Purview auto-labelling policies
How auto-labelling applies sensitivity and retention labels automatically based on content match — and the operational realities.
User-applied sensitivity and retention labels rely on users picking the right label at the right time. That works for engaged users but leaves substantial volumes of content unlabelled — and oversharing in Copilot becomes "the file was never labelled, so Copilot treated it as Internal." Auto-labelling policies in Purview fill this gap by applying labels automatically based on content match.
Two flavours: client-side and service-side
Client-side auto-labelling
Office apps (Word, Excel, PowerPoint, Outlook) recommend or apply a label as users work, based on what the content contains. Example: "this document contains 100+ customer SSNs; we recommend the Confidential label" — and the user can accept or override (depending on policy).

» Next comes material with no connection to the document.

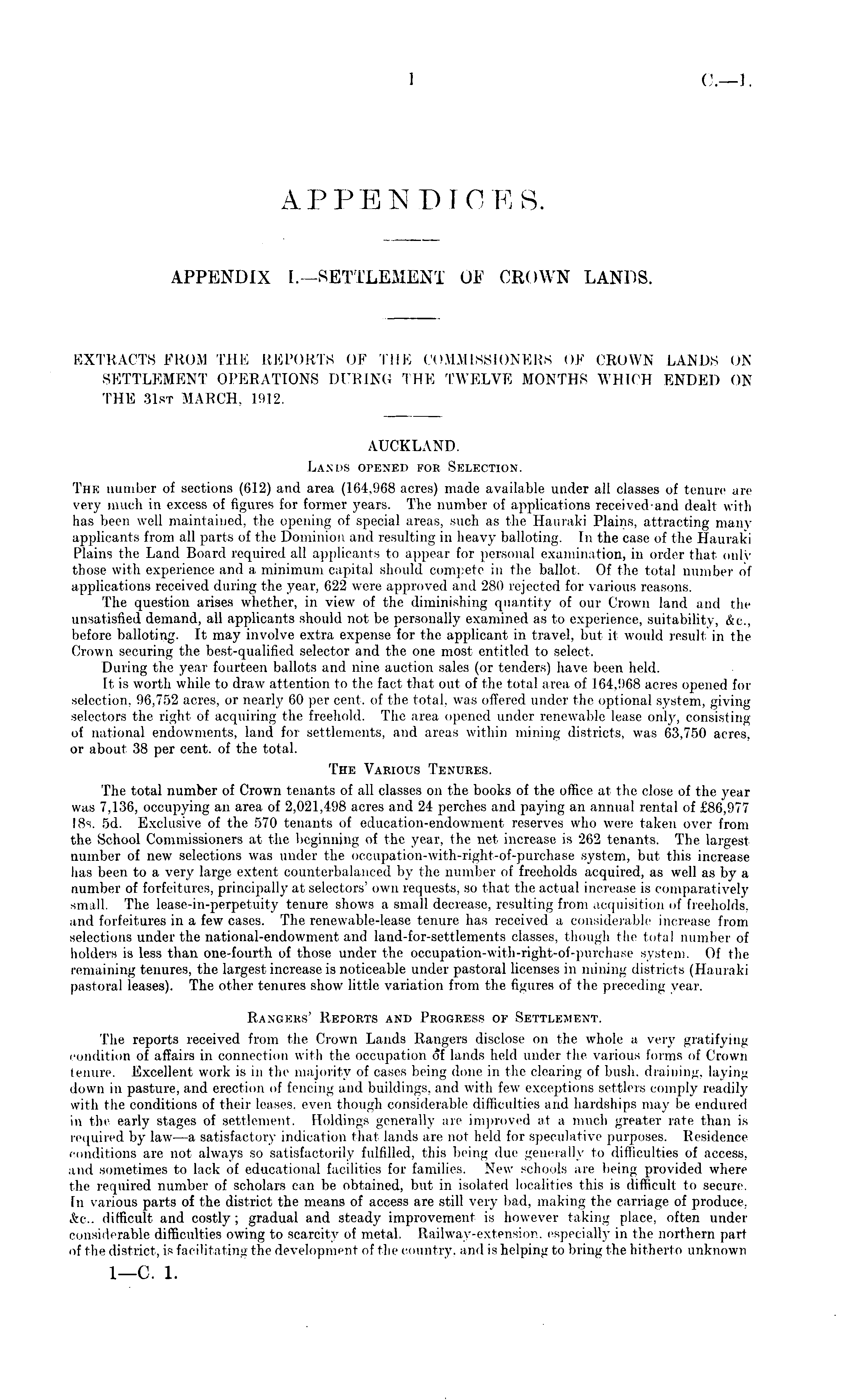 APPENDICES. APPENDIX I.—SETTLExAIENT OF CROWN LANDS.

Configured as auto-labelling settings on each sensitivity label. Applies in real time at the user's device.
Service-side auto-labelling
The Purview service scans existing content in SharePoint, OneDrive, and Exchange Online mailboxes, applying labels to content matching the rules — independent of user action. Useful for labelling content at rest without waiting for users to do it.
Configured as auto-labelling policies in the Purview portal. Runs on a schedule.
What can trigger labelling
Match conditions include:
- Sensitive information types — credit card patterns, SSNs, government IDs, custom regex.
- Trainable classifiers — ML-based content category detection (legal docs, source code, healthcare records).
- Keyword phrases.
- Content properties — SharePoint column values, document properties.
- Sender / recipient patterns (Exchange-specific).
Conditions are AND/OR combinable. The Purview rule editor handles complex predicates.
Where this matters most
Auto-labelling is particularly valuable for:
- Copilot readiness — labelled content gives Copilot signal about sensitivity, affecting what it includes in grounding and what it warns about in output.
- DLP enforcement — DLP policies keyed to labels work better when more content is labelled.
- Retention enforcement — auto-applied retention labels handle compliance retention without user action.
- Historical content cleanup — apply correct labels to years-old content that nobody is going to manually relabel.
Operational rollout
A common pattern:
- Start with simulation mode — service-side auto-labelling policies have a simulate option. Run a simulation, review what would be labelled, validate the matches.
- Tune the rules — false positives in classifier or SIT matching are common. Refine the conditions.
- Enable the policy — start labelling. Schedule incremental scans.
- Monitor — Purview reports on labelled-vs-unlabelled volumes, classifier confidence, user overrides on client-side recommendations.
- Iterate — add rules as new sensitive data types emerge.
Limits and caveats
- Service-side auto-labelling processes ~25,000 files per day per policy initially, scaling up over time. Initial backlog processing can take weeks for large tenants.
- Trainable classifiers require training and validation cycles — they're not magic.
- Client-side auto-labelling works only when users are signed into Office apps with the right licence.
- Encryption applied by auto-labelling can break legacy workflows — pilot carefully on labels that encrypt.
Licensing
Auto-labelling (both flavours) requires Microsoft 365 E5, Microsoft 365 E5 Compliance, or the Information Protection and Governance add-on.
For tenants serious about information protection and Copilot readiness, auto-labelling is a fundamental investment. User-applied labelling alone leaves too much content unmanaged in any non-trivial tenant.